*** Block opens ***

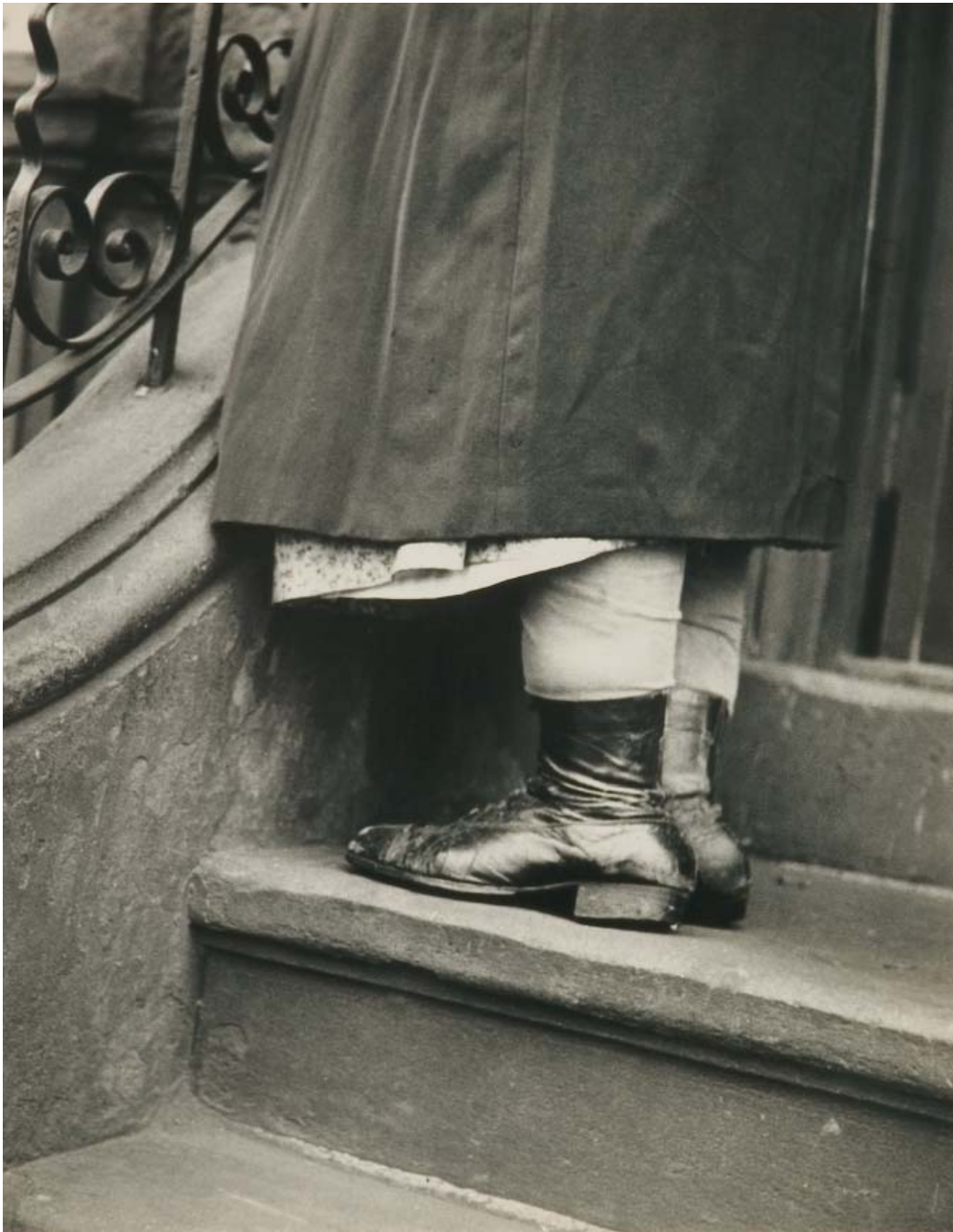
Leon Levinstien, Untitled , (shoes on stairs), nd, gelatin silver print.
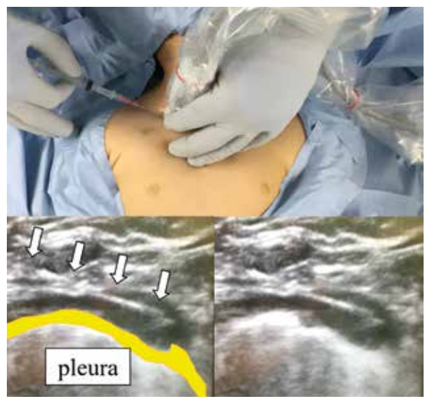
FIGURE 4. Real-time ultrasound-guided supraclavicular approach to the right brachiocephalic vein. The puncture needle (arrow) and its entire passage into the target brachiocephalic vein are visualised in a long-axis in-plane view during the puncture procedure via the real-time ultrasound-guided supraclavicular approach

in the subcutaneous tunnel as with the real-time ultrasound-guided infraclavicular axillary vein approach. The step-by-step procedures for realtime ultrasound-guided supraclavicular tunnelled Hickman/Broviac catheter implantation were introduced in our previous paper with figures and a video [5]. As shown in Figure 4, the puncture needle and its entire passage into the target brachiocephalic vein are visualised in a long-axis inplane view during the puncture procedure with the real-time ultrasoundguided supraclavicular approach. The brachiocephalic vein is larger than that of the internal jugular or subclavian vein because it is located more proximally than their confluence. In contrast, the axillary vein is smaller than the subclavian vein because it is located more peripherally [12]. The subcutaneous tunnel of the Hickman/Broviac catheter inserted via the supraclavicular approach passes over the clavicle [5]. To prevent accidental removal of the catheter during manipulation to create the subcutaneous tunnel and catheter fixation (a pitfall of the right supraclavicular approach for CVC or Hickman/Broviac catheter implantation), it should be noted that the CVC insertion depth via the right supraclavicular approach is significantly shorter than that of the right jugular vein or the left supraclavicular approach to locate the catheter tip at the carina level [6].

*** Block closes ***

*What to do*. An image-free, exact version of the listing above is required.

*Result of this task*.
Leon Levinstien, Untitled , (shoes on stairs), nd, gelatin silver print.
FIGURE 4. Real-time ultrasound-guided supraclavicular approach to the right brachiocephalic vein. The puncture needle (arrow) and its entire passage into the target brachiocephalic vein are visualised in a long-axis in-plane view during the puncture procedure via the real-time ultrasound-guided supraclavicular approach

in the subcutaneous tunnel as with the real-time ultrasound-guided infraclavicular axillary vein approach. The step-by-step procedures for realtime ultrasound-guided supraclavicular tunnelled Hickman/Broviac catheter implantation were introduced in our previous paper with figures and a video [5]. As shown in Figure 4, the puncture needle and its entire passage into the target brachiocephalic vein are visualised in a long-axis inplane view during the puncture procedure with the real-time ultrasoundguided supraclavicular approach. The brachiocephalic vein is larger than that of the internal jugular or subclavian vein because it is located more proximally than their confluence. In contrast, the axillary vein is smaller than the subclavian vein because it is located more peripherally [12]. The subcutaneous tunnel of the Hickman/Broviac catheter inserted via the supraclavicular approach passes over the clavicle [5]. To prevent accidental removal of the catheter during manipulation to create the subcutaneous tunnel and catheter fixation (a pitfall of the right supraclavicular approach for CVC or Hickman/Broviac catheter implantation), it should be noted that the CVC insertion depth via the right supraclavicular approach is significantly shorter than that of the right jugular vein or the left supraclavicular approach to locate the catheter tip at the carina level [6].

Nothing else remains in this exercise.